General Imaging, the General Electric brand of cameras, launched in the UK to much fanfare (okay, one Crave story), but so far you'll still struggle to find the little fellas on any shop shelves. That hasn't stopped GE punting out the E1055W and A1030, both packing a 28mm wide angle lens and a 5x optical zoom. The E1055W will cost an eye-openingly reasonable £120 and the A1030 a jaw-droppingly cheap £80.

While the other big names in the photography sphere went for headline-grabbing big announcements -- new formats, dSLRs or 3D technology -- Kodak stayed quiet. In fact, Kodak's been quiet for a while, and if it wasn't for the launch of the EasyShare Z1485 IS we'd be going round to knock on it's door to check if everything was alright, worried we'd find a stack of unread mail by the door and neighbours complaining of a strange smell. The Z1485 is a 14-megapixel snapper with 5x optical zoom and high-definition video.

With Quantum of Solace just around the corner, budding Bonds with an interest in the totally pointless may be tempted by the Minox DSC mini digital spy camera. Measuring 86 by 29 by 20mm, the 5-megapixel spy snapper saves hastily photographed secret dossiers to a microSD card and comes with a bolt-on flash that also includes a 38mm (1.5-inch) LCD.

Do we expect you to talk? No, Mr Bond, we expect you to buy.

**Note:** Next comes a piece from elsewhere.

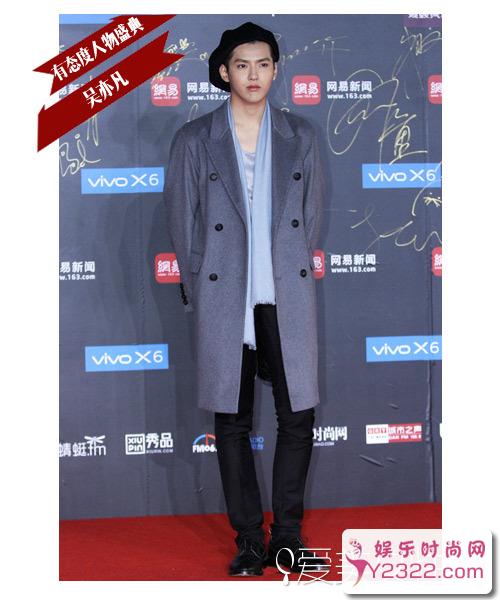 吴亦凡身着Burberry 2016春夏男装系列亮相红毯。鲜少见他穿这种风格,英伦风倒也很适合。不同于稍微有点骚气的秀场搭配,吴亦凡将裤子换成了黑色,显得文艺又不会太“娘”,帽子也很书生气,点赞~

Finally, if you thought 60 megapixels was a lot, try this bad boy on for size: the Seitz 6x17 Digital captures no less than 160 megapixels. The first digital 6x17 camera, it creates seamless digital panoramas without the need for stitching. The fastest exposure speed is 1/2000 second per pixel, which works out at one second for the entire 6x17 scan, even at full resolution. The class clown will have to seriously improve their 100m sprint time to show up at both ends of the school photograph when this bad boy is calling the shots.

And that's it from Photokina. See you in two years!